Thomas Mulcair a tiré à boulets rouges, hier, sur le projet de loi 103 sur les écoles passerelles. Selon lui, une telle loi serait «complètement inapplicable», inéquitable et ferait reculer le français.

«Ça me déçoit immensément, comme avocat, comme administrateur public et comme fédéraliste et membre de la communauté anglophone qui a toujours compris que la meilleure manière de garder le Québec dans le Canada, c'est de veiller à ce que la majorité francophone se sente en sécurité, linguistiquement et culturellement», a-t-il expliqué en point de presse.

Le chef adjoint du NPD et ancien ministre du PLQ s'est rendu à Québec, hier, pour présenter un mémoire devant la commission parlementaire sur ce projet de loi controversé, écrit après que la Cour suprême eut invalidé le projet de loi 104, adopté unanimement par l'Assemblée nationale.

La nouvelle loi permettrait à un enfant francophone ou un allophone de fréquenter l'école publique anglaise à condition qu'il ait séjourné trois ans dans le réseau non subventionné et que son parcours soit jugé «authentique».

Cet examen serait «arbitraire», estime M. Mulcair. «Il faudra remplir des formulaires pour évaluer le rôle des grands-parents et plein de choses du genre.
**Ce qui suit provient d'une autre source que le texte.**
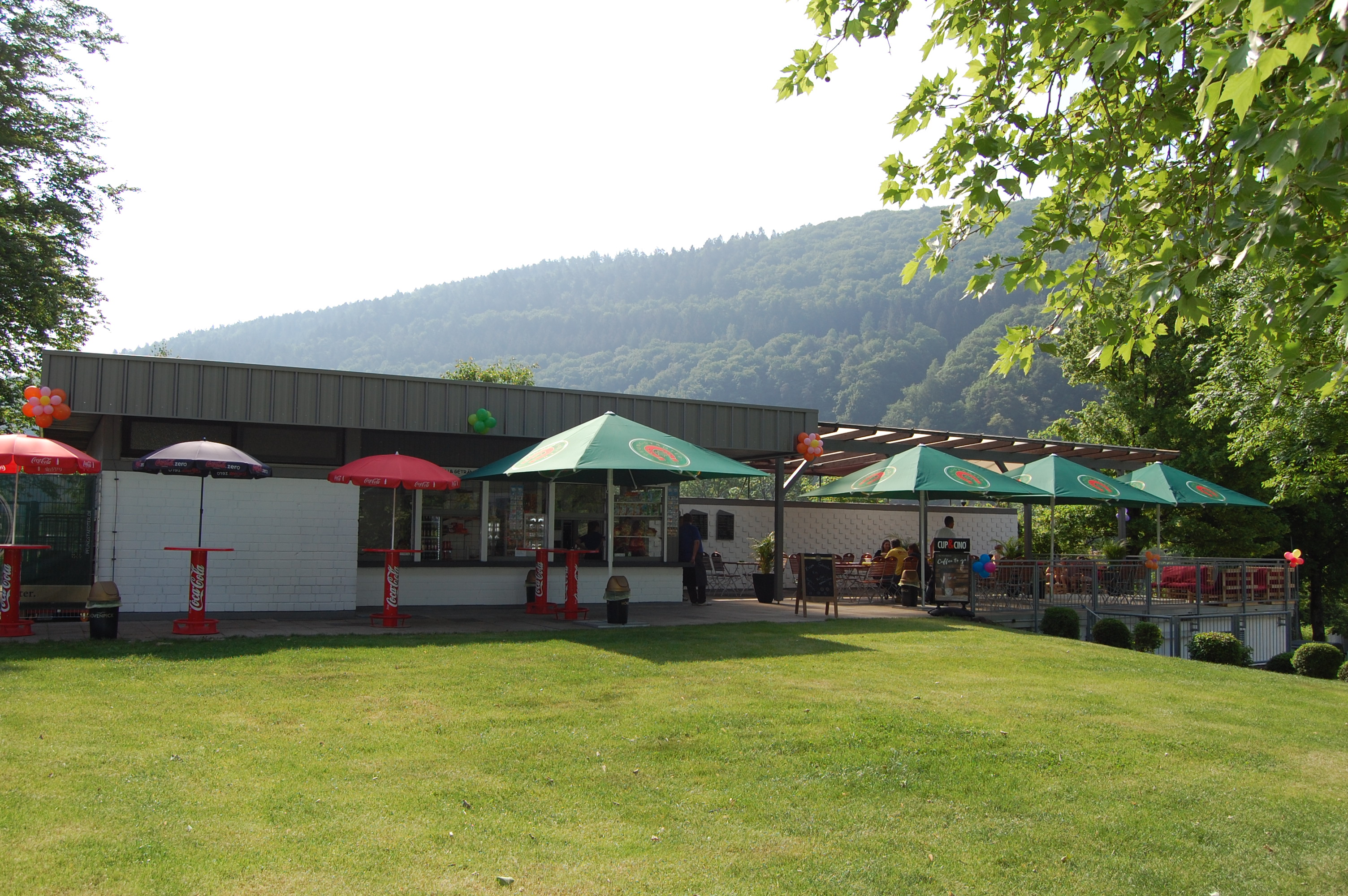 Langeweile lassen die Spiel- und Sporteinrichtungen auf dem Gelände nicht aufkommen und der schöne Baumbestand spendet angenehmen Schatten an heißen Tagen. Das Terrassencafé sorgt bestens für das leibliche Wohl der Badegäste.
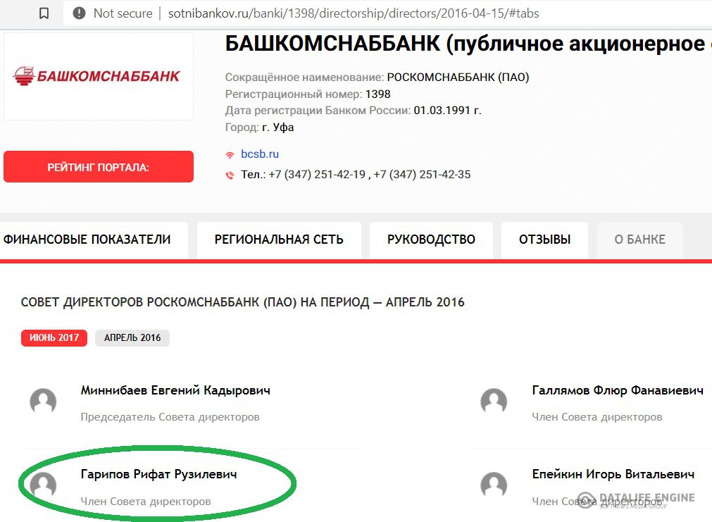 Да всего лишь факты из своей же биографии, когда он сидел в руководстве лопнувшего Роскомснаббанка (РКСБ). В банчке «святой» Гарипов оказался не за красивые глаза, а по родственной линии – РКСБ принадлежал семейству рифатиного дядюшки Флюра Галлямова (местный олигарх, тоже заседал в республиканском госсобрании).

C'est insensé.»

Dans les années 80, M. Mulcair avait conseillé le ministre libéral Claude Ryan sur l'arrêt de la Cour suprême concernant l'affichage en français. «Je lui avais proposé une interprétation minimaliste (du jugement), et c'est ce que je propose encore aujourd'hui.»

Le PLQ veut établir un «test d'authenticité» pour les élèves qui passeraient du réseau anglais non subventionné au réseau anglais public. Selon M. Mulcair, le gouvernement s'imposerait ainsi inutilement le fardeau de la preuve. Ce devrait être le contraire, martèle-t-il. «Le fardeau du parcours scolaire authentique doit reposer sur les parents.»

Sinon, les plus fortunés pourraient acheter le droit à une éducation publique en anglais, ce qui serait «inéquitable» et qui finirait par menacer le français.

«Je connais des immigrés du Bangladesh très fiers de voir leurs enfants parler français avec un accent québécois impeccable, raconte-t-il. Maintenant, on renverserait cette situation. Au lieu de se sentir fiers, les parents se sentiraient embarrassés de ne pas être assez riches pour envoyer leurs enfants à l'école anglaise comme leurs voisins.»

Le Parti québécois suggère d'appliquer la loi 101 aux écoles non subventionnées et d'interdire ainsi aux francophones et aux allophones de se payer une éducation en anglais. «Le problème, avec cet argument, c'est qu'on va déplacer les écoles passerelles quelques kilomètres plus loin (en Ontario)», a dit M. Mulcair. Les écoles des autres provinces canadiennes deviendraient selon lui les nouvelles passerelles. Il soutient aussi que l'article 59 de la Loi constitutionnelle de 1981 empêche le recours à la clause dérogatoire, ce que le PQ songe à faire.

Un total de 41 mémoires

La commission parlementaire qui examine depuis mercredi le projet de loi 103 recevra au total 41 mémoires. Quatorze ont déjà été présentés. Des syndicats comme la FTQ, l'Union des artistes et la Fédération autonome de l'enseignement (FAE) ont dénoncé le projet de loi 103. La Commission des droits de la personne y réserve quant à elle un accueil «mitigé». Elle déplore l'ajout de «nouveaux droits», et regrette de ne pas avoir été consultée.